# Work item
Repeat every line from the line containing "Figure 2. The" to the end of the data, exactly. Leave the pictures out.

[Record extracts — start]

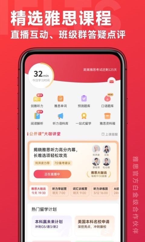 0元公开课-大咖讲堂,雅思听说读写互动答疑。
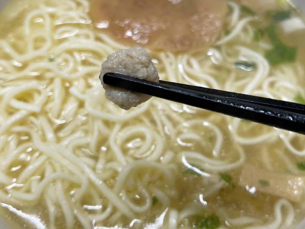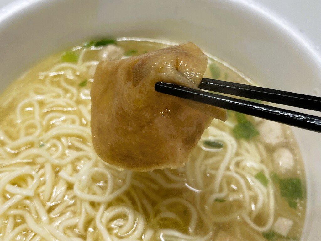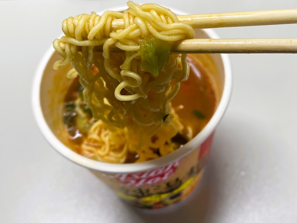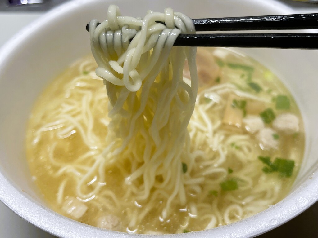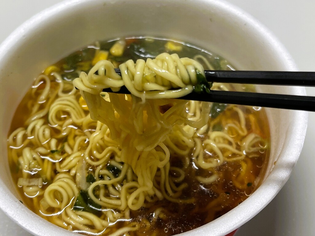 すっ、すごい!! これがカップ麺!? つるつるしていて、かつ適度な歯ごたえがあるこの麺は、正に生麺の食感。「かやく」を入れずにこの商品をラーメン用の器に盛って提供したら、これがカップ麺のものだと気付く人は少ないんじゃないかな。
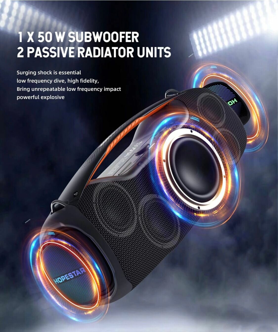 Колонка HOPESTAR A60, большая акустическая система с 5 динамиками, беспроводная Bluetooth колонка мощностью 100W с микрофоном
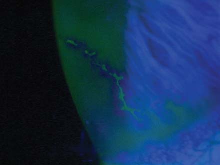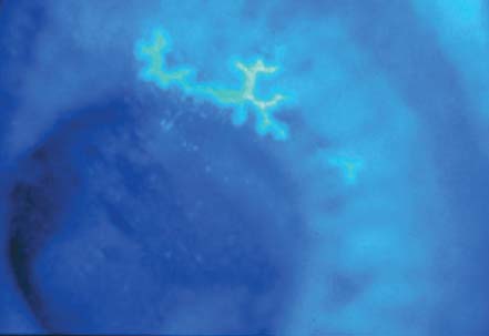 Figure 2. The patient had a mid-peripheral dendritic lesion. The classic dendritic fluorescein stain is a true ulcer; the entire lesion stains with fluorescein, and often the borders will stain with rose bengal.
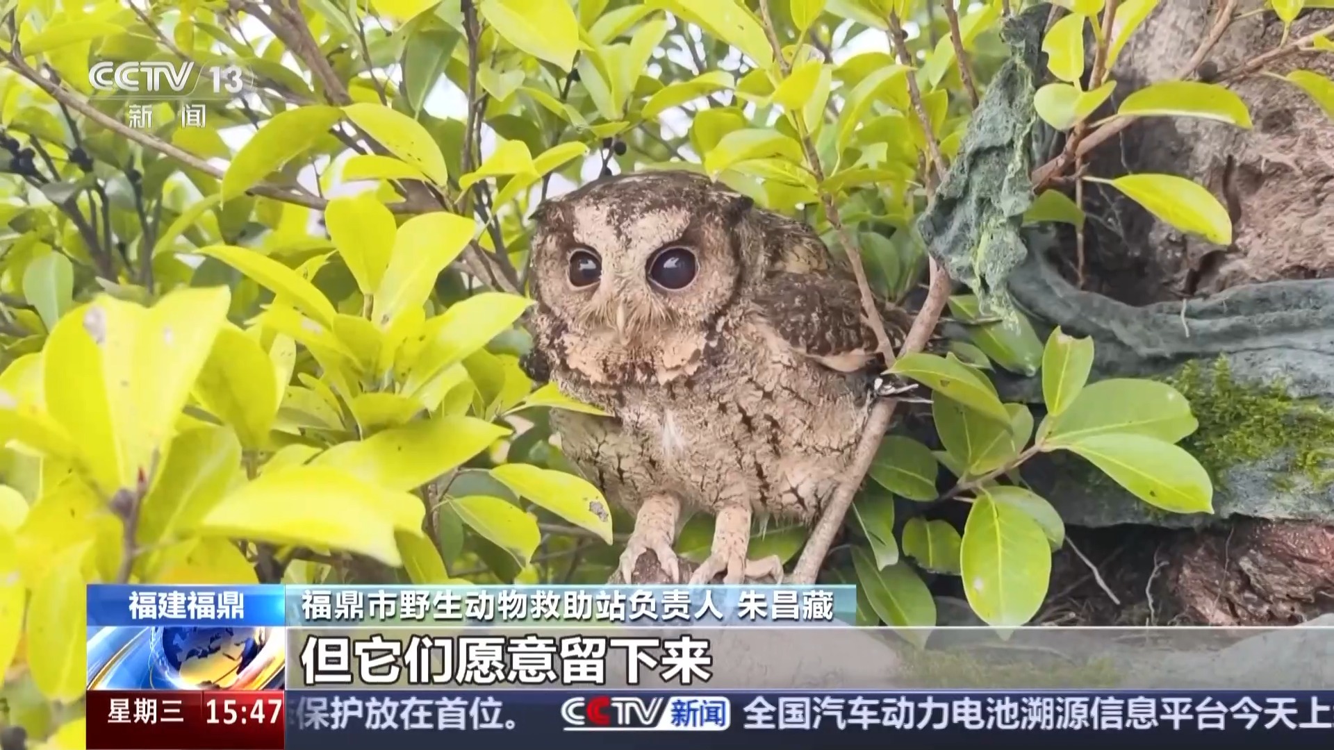我们来认识一种小型猛禽——领角鸮(xiāo),它是国家二级保护野生动物,其实就是我们俗称的猫头鹰。每年都有不少领角鸮在迁飞途中意外受伤。在福建福鼎,有一个爱心组织,持续20年接力救助守护这些飞羽精灵。

[Record extracts — finish]

# Solution to this exercise
 Figure 2. The patient had a mid-peripheral dendritic lesion. The classic dendritic fluorescein stain is a true ulcer; the entire lesion stains with fluorescein, and often the borders will stain with rose bengal.
我们来认识一种小型猛禽——领角鸮(xiāo),它是国家二级保护野生动物,其实就是我们俗称的猫头鹰。每年都有不少领角鸮在迁飞途中意外受伤。在福建福鼎,有一个爱心组织,持续20年接力救助守护这些飞羽精灵。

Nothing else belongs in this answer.